1- AKP-HDP koalisyonu hiç tartışılmıyor. Hatta imkânsız gözle görülüyor. Tahmin ediyorum ki HDP’nin koalisyondan ne isteyeceği hem çok açık değil, hem de istediklerinin ne oranda gerçekleşebileceği, AKP’yi korkutuyordur. Bu nedenle böyle bir koalisyon ihtimal dışı kalıyor
2- AKP-MHP koalisyonu gerçekleşebilir. Meclis Başkanlığı seçiminde MHP’nin gösterdiği ve kimsenin çözemediği tavır, ileride böyle bir koalisyon olursa daha iyi anlaşılacaktır.
AKP-MHP koalisyonu için görüşmeler yapıldığı biliniyor... Hatta MHP’nin Milli Eğitim, İçişleri, Kültür ve AB Bakanlığını istediği basına yansıyan haberler arasında yer alıyor. AKP’nin İçişleri Bakanlığı’nı vermesi çok olası görünmüyor. Bunun yanında Çevre ve Şehircilik Bakanlığı ile Adalet Bakanlığı’nı vermesi de olanaksız görünüyor.
AKP-MHP tabanının en az yüzde 50 oranında çakıştığını tahmin ediyorum. Bu durum koalisyon için hem zorluk, hem de kolaylık yaratıyor.
Kolaylık yaratıyor... Çünkü zıtlıklar azalmış oluyor... Zorluk yaratıyor... Çünkü her iki parti de, biri diğerinin tabanını çekmek istiyor.
3- AKP-CHP koalisyonu, ihtimal dahilindedir. Aslında bugünkü siyasi ve ekonomik konjonktürde daha da gereklidir.
AKP-CHP koalisyonu adeta bir restorasyon koalisyonu olacaktır.
1- Durgunluğun etkili olduğu bir ekonomik istikrar sorunu yaşıyoruz. AKP-CHP koalisyonu ekonomiye ve piyasaya güven ve istikrar verecektir. Piyasanın beklentileri de bu yöndedir.
2- Siyasi gerilim azalacaktır. Siyasette zıt ideolojilerin ülke menfaati için bir araya gelmesi pozitif bir örnek oluşturacaktır. 1980 öncesi rahmetli Ecevit ve Demirel’in bir araya gelerek büyük Türkiye koalisyonu kurmaları çok istendiği halde gerçekleşmedi. Bu koalisyon gerçekleşmiş olsaydı, darbenin gerekçeleri boşlukta kalmış olacaktı.

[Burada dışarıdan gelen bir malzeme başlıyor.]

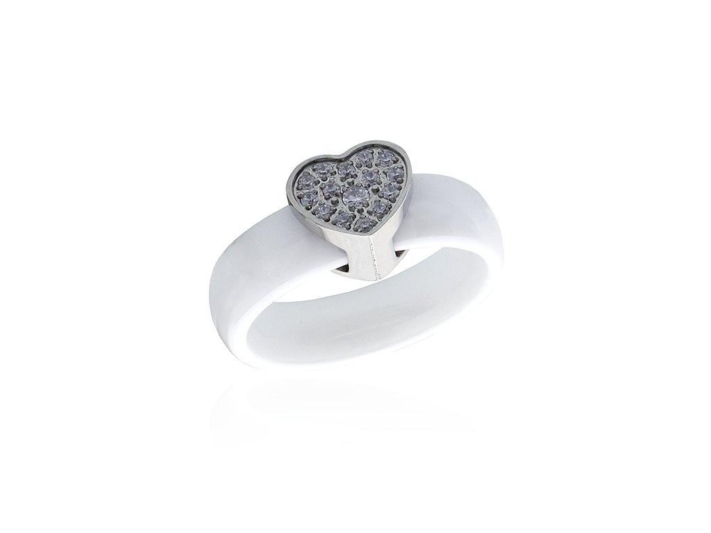Dámský keramický prsten srdce se zirkony S431160
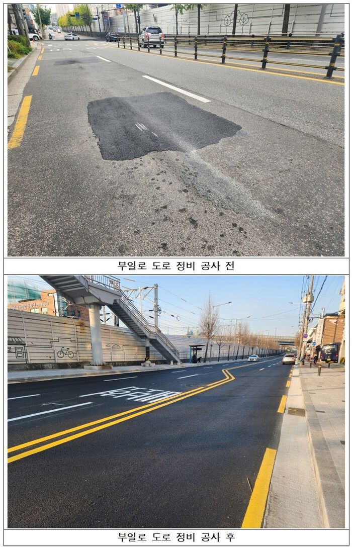 | ▲ 부일로 도로 정비 공사 전후 모습. (사진=구로구청 제공) |
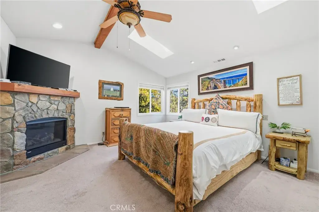 Main living areas are open and inviting, highlighted by three fireplaces throughout the home, creating warmth and ambiance year-round. A spacious family/game room with a wet bar and fireplace opens to an outdoor deck, enhancing indoor-outdoor living and providing an ideal setting for entertaining or relaxing while taking in the serene lake environment. The kitchen is designed for both everyday living and hosting, featuring a walk-in pantry, wine refrigerator, granite countertops, and stainless steel appliances. The upper-level primary suite offers vaulted ceilings, a fireplace, and lake views. The primary bathroom includes heated floors and a heated toilet seat, along with remotely operated skylights that provide excellent natural ventilation during warmer months. An additional upstairs bedroom and half bath complete the upper level.The lower level includes the original portion of the home, offering two bedrooms and one full bathroom, well suited for guests, extended family, or private use. With its deep-water frontage, prime Gilner Point location, substantial newer construction, and functional floor plan. this property represents a rare opportunity to own a premier lakefront home in the Big Bear Lake market.
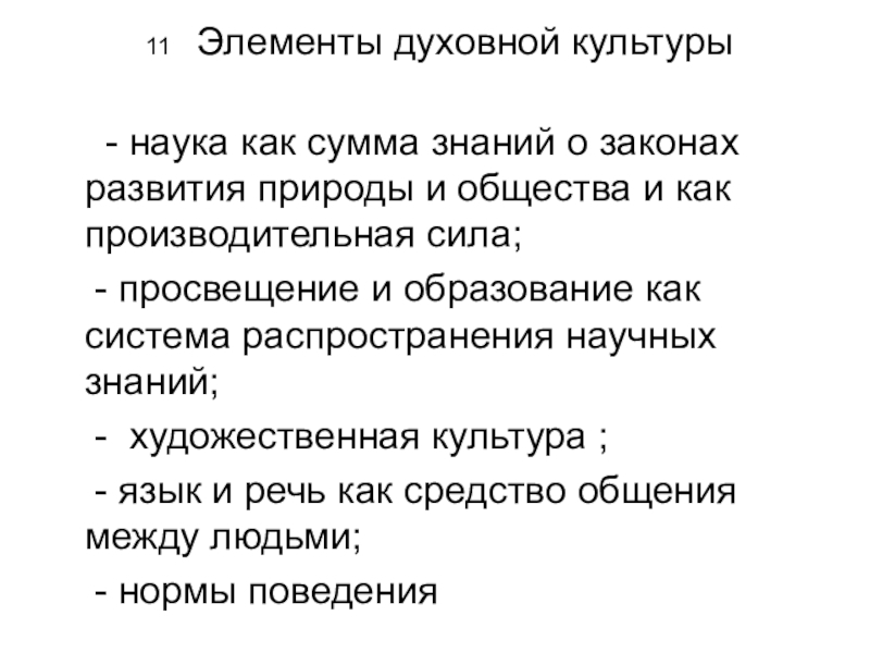 Слайд 11 11 Элементы духовной культуры
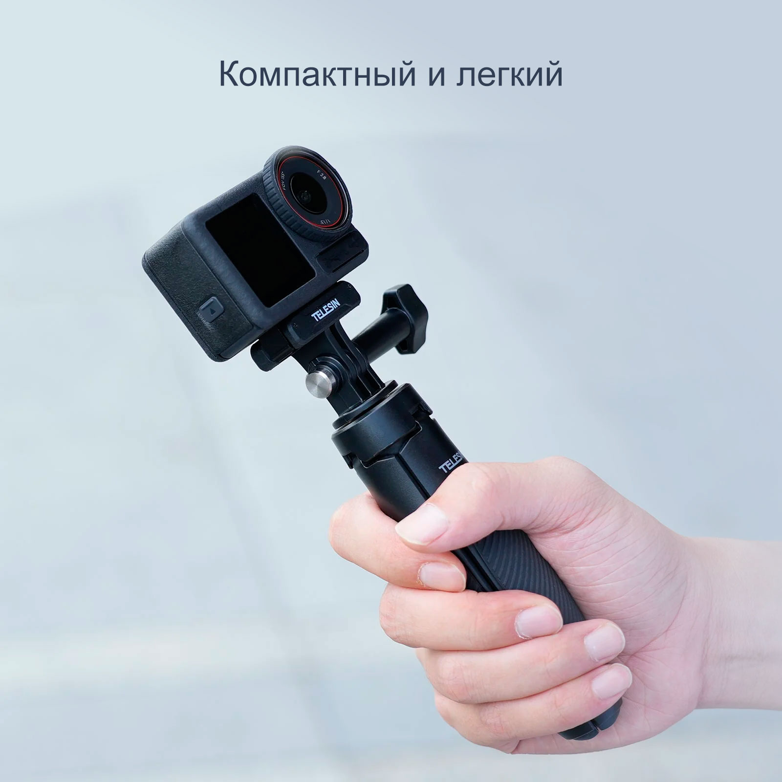 Мини монопод-штатив Telesin Selfie Stick 2.0 для GoPro, Dji, Xiaomi, SJCAM и других совместимых экшн-камер. Монопод раскладывается на длину до 40 см, в сложенном 15 см. Штатив можно использовать как мини-монопод или как просто ручку. Удобный и компактный, не займет много места при транспортировке и добавит комфорта в съемке. Для быстрой перестановки камеры и монопода на другие крепления, рекомендуем обратить внимание на Монопод Quick Release Selfie Stick
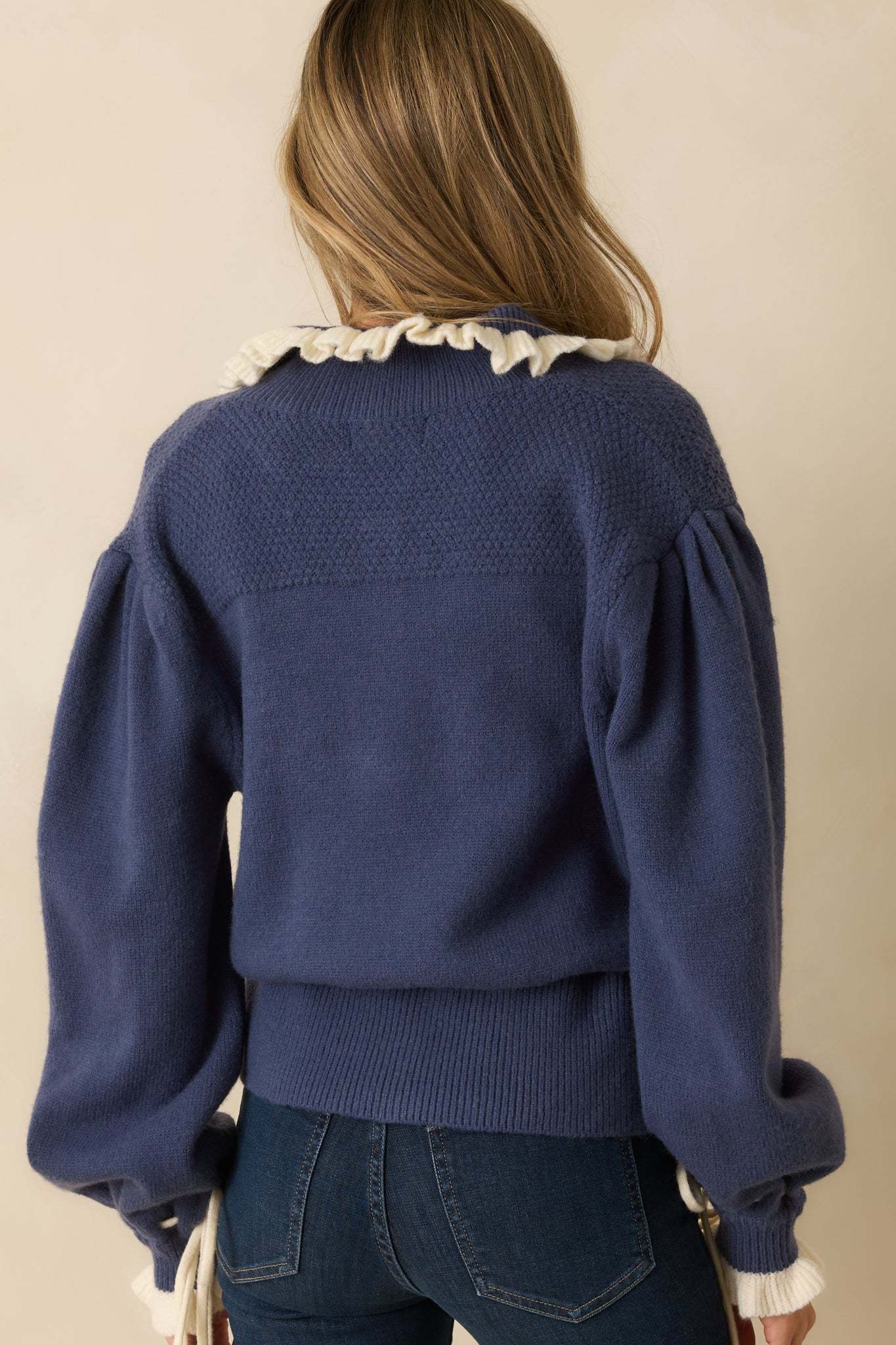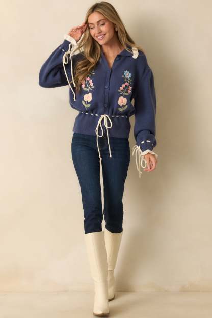 The Nothing Better Dusty Blue Floral Embroidered Drawstring Waist Cardigan is the cozy layer you’ll keep coming back to, effortless to wear and easy to love season after season. This dusty blue cardigan features multicolor floral embroidered front, a collared neckline with ivory ruffle trim, functional button front closure, long sleeves with tie ruffle trim cuffs, a drawstring tie waist, and a ribbed hem.

3- Avrupa Birliği görüşmeleri hızlanacaktır. Avrupa Birliği yıllık Türkiye raporlarında otokrasi ve yolsuzluk tartışmalarından şikayet ediyor. Aynı raporlarda Türkiye’de insan hakları ve basın özgürlüğünün kan kaybettiğini vurguluyor.

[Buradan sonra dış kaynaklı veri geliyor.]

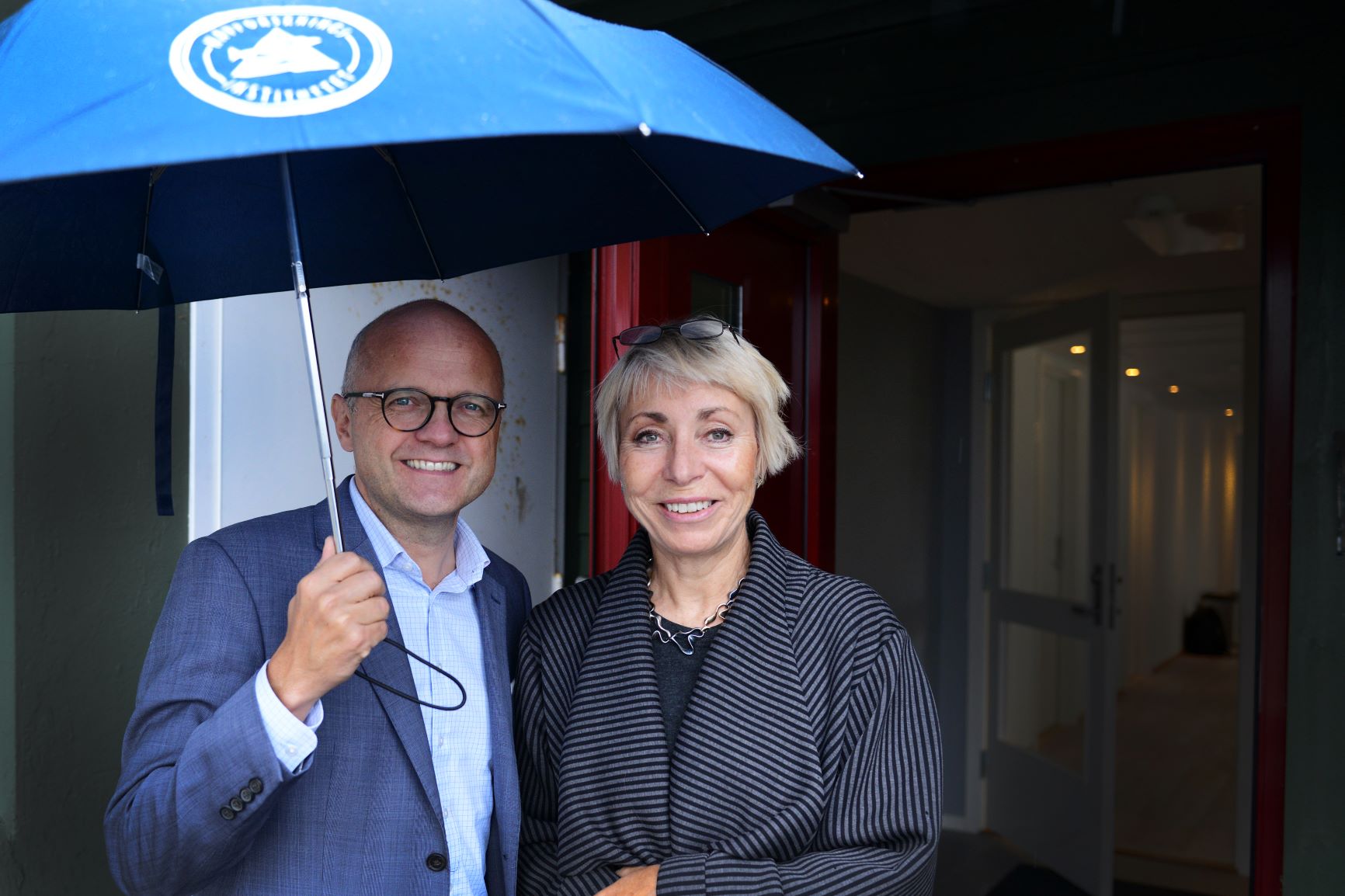 Vidar Helgesen leder regjeringens havpanel, og er en kjent gjest på Havforskningsinstituttet.Her sammen med Sissel Rogne ved et tidligere besøk. (Foto: Kjartan Mæstad)
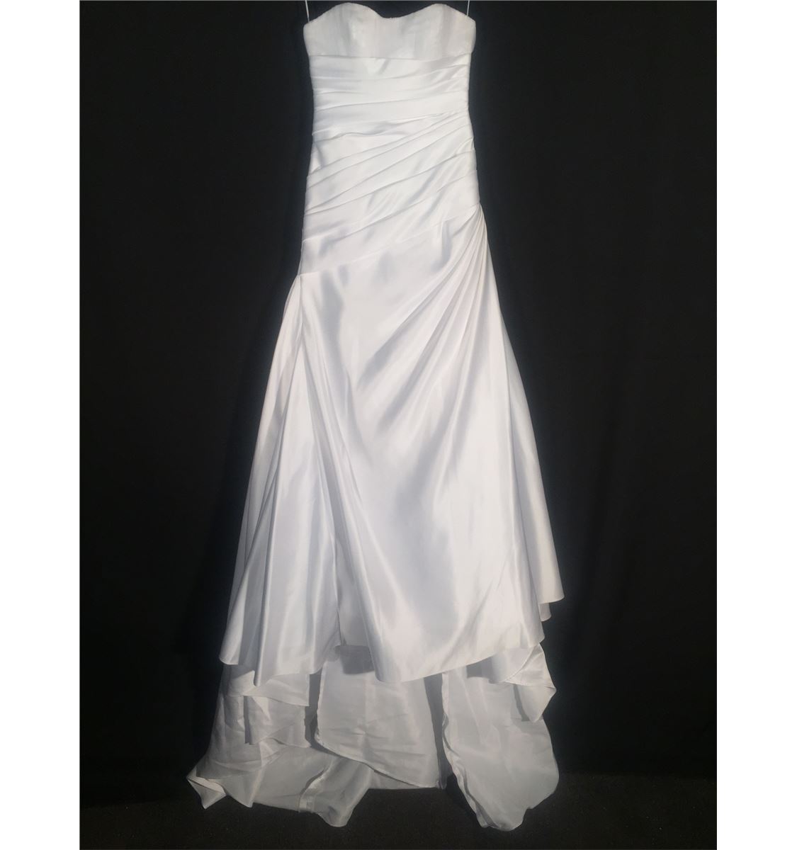 WHITE PLEATED TOP WEDDING DRESS W/ TRAIN, SIZE 8

4- Kamplaşma kalkacak ve sosyal gerilim azalacaktır. Siyasi arenada son yıllardaki siyasi kavgalar, siyasi üslup, ilk defa bu kadar hırçınlaştı. Bu durum toplumu da geriyor ve ayırıyor.
5- Dış politikaya yeni bir bakış açısı gelecek ve Türkiye Orta Doğu batağından kurtulacaktır.

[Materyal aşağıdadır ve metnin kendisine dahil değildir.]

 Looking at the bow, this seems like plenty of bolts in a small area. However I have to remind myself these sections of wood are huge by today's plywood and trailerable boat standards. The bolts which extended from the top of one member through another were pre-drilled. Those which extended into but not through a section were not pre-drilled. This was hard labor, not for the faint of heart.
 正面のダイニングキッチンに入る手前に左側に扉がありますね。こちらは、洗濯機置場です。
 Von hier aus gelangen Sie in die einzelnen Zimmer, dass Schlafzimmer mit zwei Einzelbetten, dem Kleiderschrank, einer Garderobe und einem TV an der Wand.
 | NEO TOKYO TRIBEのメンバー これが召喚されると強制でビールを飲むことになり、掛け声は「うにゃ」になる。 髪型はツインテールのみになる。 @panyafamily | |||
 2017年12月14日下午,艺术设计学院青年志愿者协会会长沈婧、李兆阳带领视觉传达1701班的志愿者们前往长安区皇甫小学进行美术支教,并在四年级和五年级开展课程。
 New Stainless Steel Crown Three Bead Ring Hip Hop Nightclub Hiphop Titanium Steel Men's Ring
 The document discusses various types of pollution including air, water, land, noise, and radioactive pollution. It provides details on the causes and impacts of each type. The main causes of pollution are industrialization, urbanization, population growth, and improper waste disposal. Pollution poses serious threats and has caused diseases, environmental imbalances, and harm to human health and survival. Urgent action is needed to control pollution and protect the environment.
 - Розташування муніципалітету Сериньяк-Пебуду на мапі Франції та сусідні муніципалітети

Bu saydıklarımız temenni de olsa, gerçekleşmesi toplumu rahatlatacaktır.
Öte yandan, millî eğitim ülkenin geleceğidir. En büyük sıkıntı da millî eğitimdedir. Millî eğitimde, eğitim kalitesi ve formasyon yerini ideolojiye bırakmış durumdadır. Yaşam ve inanç özgürlüğü sınırlanıyor. Eğitime laik-demokratik cumhuriyet değerleri ancak CHP’nin denetimi ve müdahalesi ile yeniden gelebilir.
Özet olarak zaman, çatışma zamanı değil, çözüm zamanıdır. Bunun için de en iyi alternatif AKP-CHP alternatifidir.